Елена Ковальска родилась в 1905 году (она была третьей из десяти детей), в Глогове, польском городке, название которого напоминает о шиповнике (глог). Ее отец, бедный плотник, по ночам выполнял заказы городской управы с тем, чтобы днем ухаживать за скотом и работать на земле своей маленькой фермы.
Девочка росла веселой, но время от времени у нее случались некие «видения» и «внутренние диалоги», которые взрослые принимали за грезы наяву.
В хозяйстве Елене было поручено гонять коров на пастбище, и порой ее огорчал тот факт, что не всегда у нее было хорошее платье для воскресной мессы.
К двенадцати годам ей удалось закончить два класса начальной школы, — этого довольно, чтобы научиться читать и писать, — а затем ей стали искать место прислуги.

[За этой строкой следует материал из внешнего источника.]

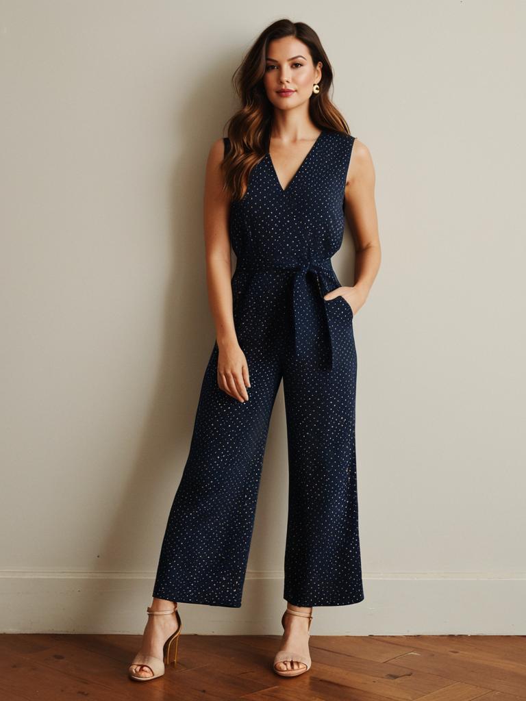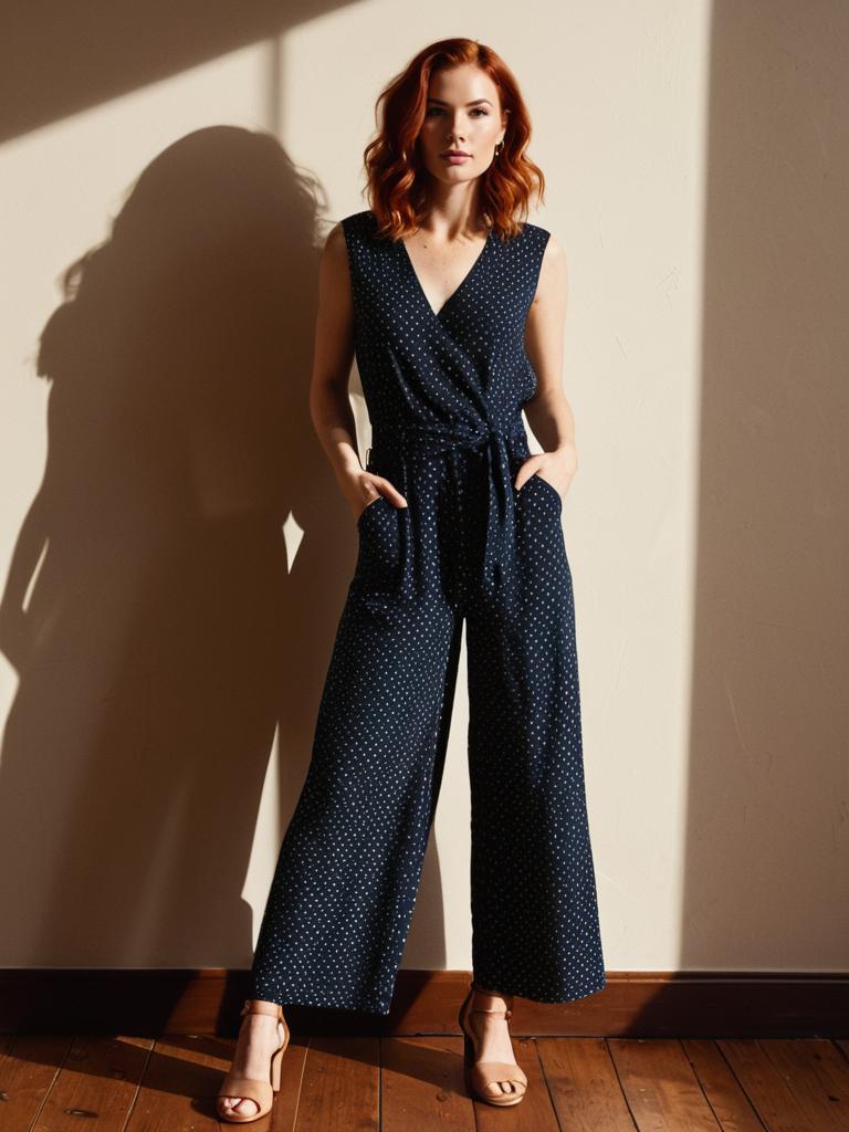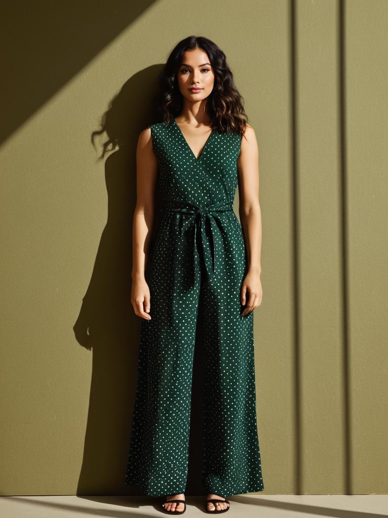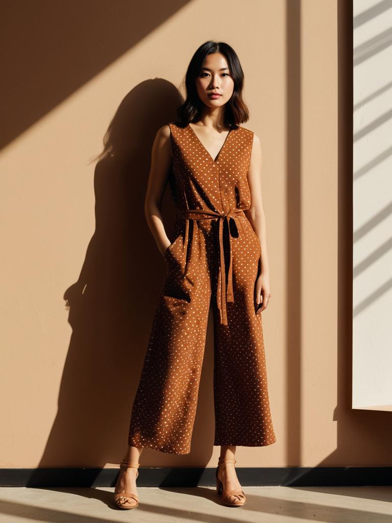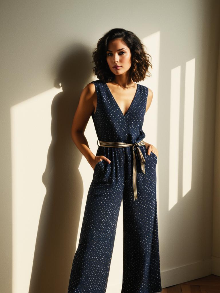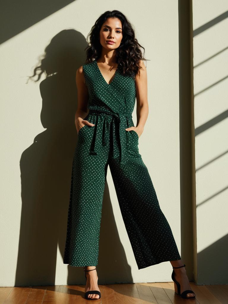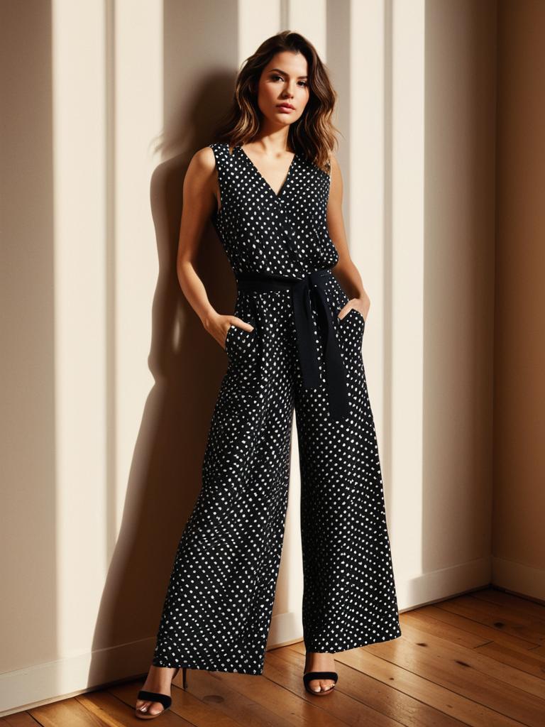 Woman wearing sleeveless V-neck wide-leg jumpsuit with tiny geometric dot print, cropped ankles and self-tie waist belt in charcoal with pale grey micro-print on medium-toned woman with voluminous blowout and peach lipstick posed standing with one hand at her waist and the other at her side in soft tan backdrop with wooden floorboards, single hard light source from the left creating sharp shadow, cinematic editorial fashion photography, high resolution, ultra-detailed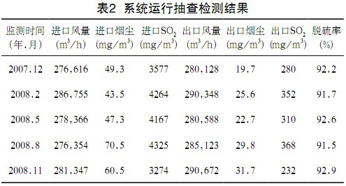 福建三鋼180m2 燒結機脫硫設施自2007年運行至今,系統總體運行穩定,基本上實現了工藝實施前提出的脫硫效率、系統同機運轉率在90%以上及脫硫后粉塵濃度低于50mg/m3 的目標,并已實現了與省、市環境監測站在線監測的并網。三明市環境監測站對該系統的抽查檢測結果見表2。
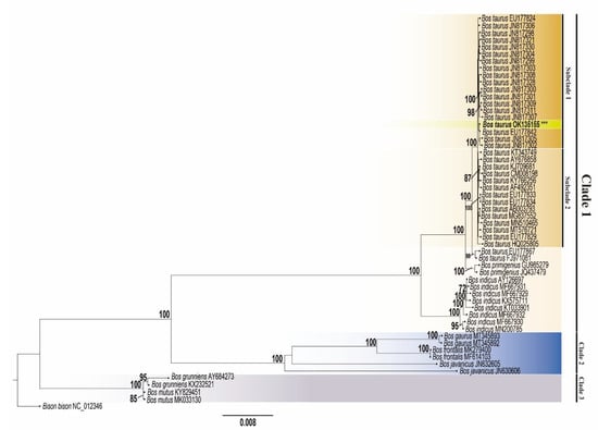 - Hiendleder, S.; Lewalski, H.; Janke, A. Complete Mitochondrial Genomes of Bos taurus and Bos indicus Provide New Insights into Intra-Species Variation, Taxonomy and Domestication. Cytogenet Genome Res 2008, 120, 150–156. [Google Scholar] [CrossRef]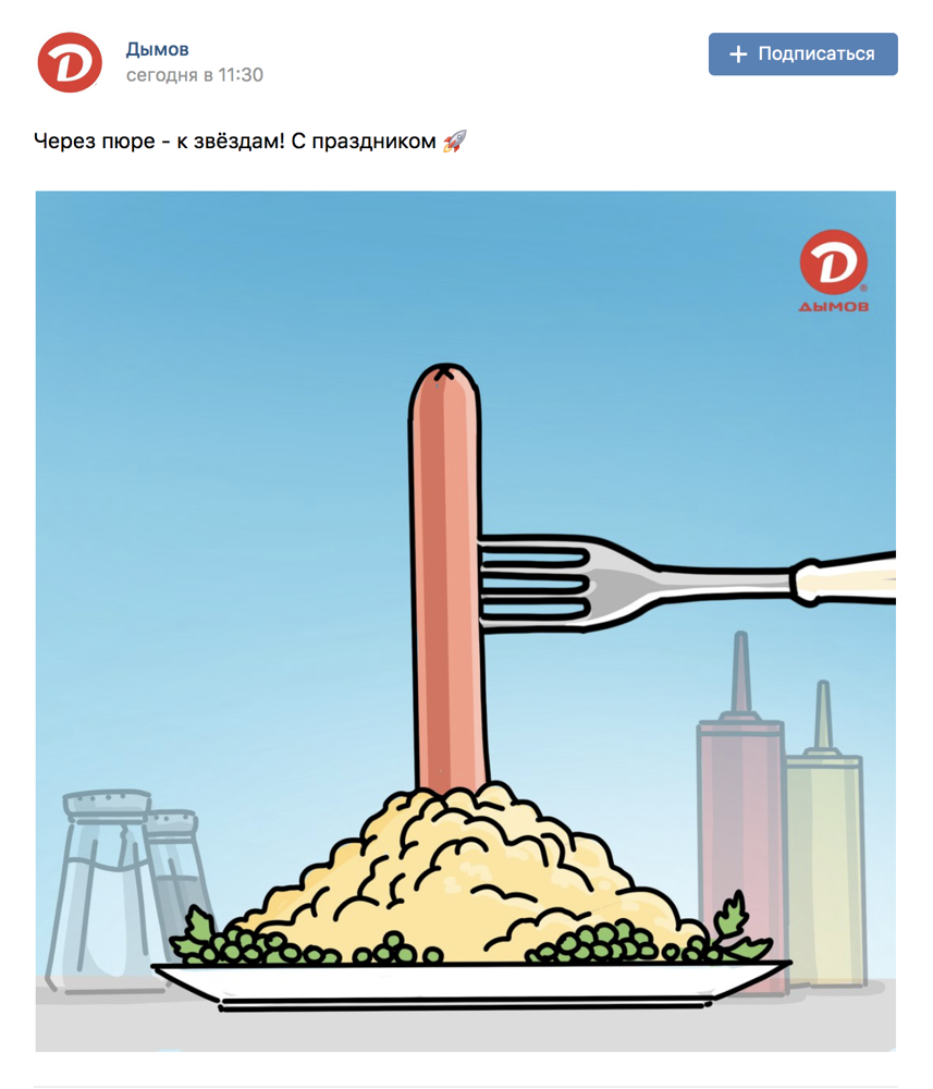 Производитель колбас и мясных деликатесов «Дымов» поздравил с Днем космонавтики фразой, которая хорошо ложится на слух.

В пятнадцать лет она сказала своим домашним, что должна стать монахиней: для нее это необходимость, а для отца — несбыточная фантазия. В то время в Польше невозможно было стать монахиней без приданого.
«Где я его возьму?» — раздраженно отвечал отец, зная, что не имеет ничего, кроме долгов.
Получив столь категорический отказ, она последовала советам тех, кто говорил ей, что она должна отвлечься, а для бедной девушки это означало — ходить на танцы по воскресеньям, чтобы немного забыться в увеселениях.
«Я внутренне избегала Бога и всей душой бросилась к его созданиям», — будет впоследствии рассказывать та, что стала сестрой Фаустиной.
В результате часто, в самый разгар праздников она чувствовала в своей душе неописуемую муку.
И как-то раз, когда противоречия были особенно сильны, с ней случилось то, о чем мы читаем в житиях многих святых: «Как только я начала танцевать, я увидела рядом с собой Иисуса, измученного, раздетого, покрытого ранами, который сказал мне такие слова: "До каких пор я должен тебя терпеть? До каких пор ты будешь меня обманывать?"»
Смолкла музыка, разошлись танцоры, и она осталась одна, лицом к лицу со своим страдающим Богом. Она убежала оттуда, пришла в собор городка в тот безлюдный час и упала перед Святыми Дарами, распростершись по земле и раскинув руки крестом.
«Что ты хочешь от меня? Что мне делать?» — спросила она.
«Немедленно уезжай в Варшаву и там поступи в монастырь».
Она уехала, ничего не сказав родителям, ничего не взяв с собой, доверившись только сестре. У нее было немного денег — чтобы купить билет на поезд — и внутренний голос, который вел ее.
В Варшаве она обратилась к одному священнику, и тот охотно выслушал ее: как раз в те дни мать шестерых детей попросила его найти ей девушку для помощи по дому. Он послал туда Елену и больше о ней не вспоминал.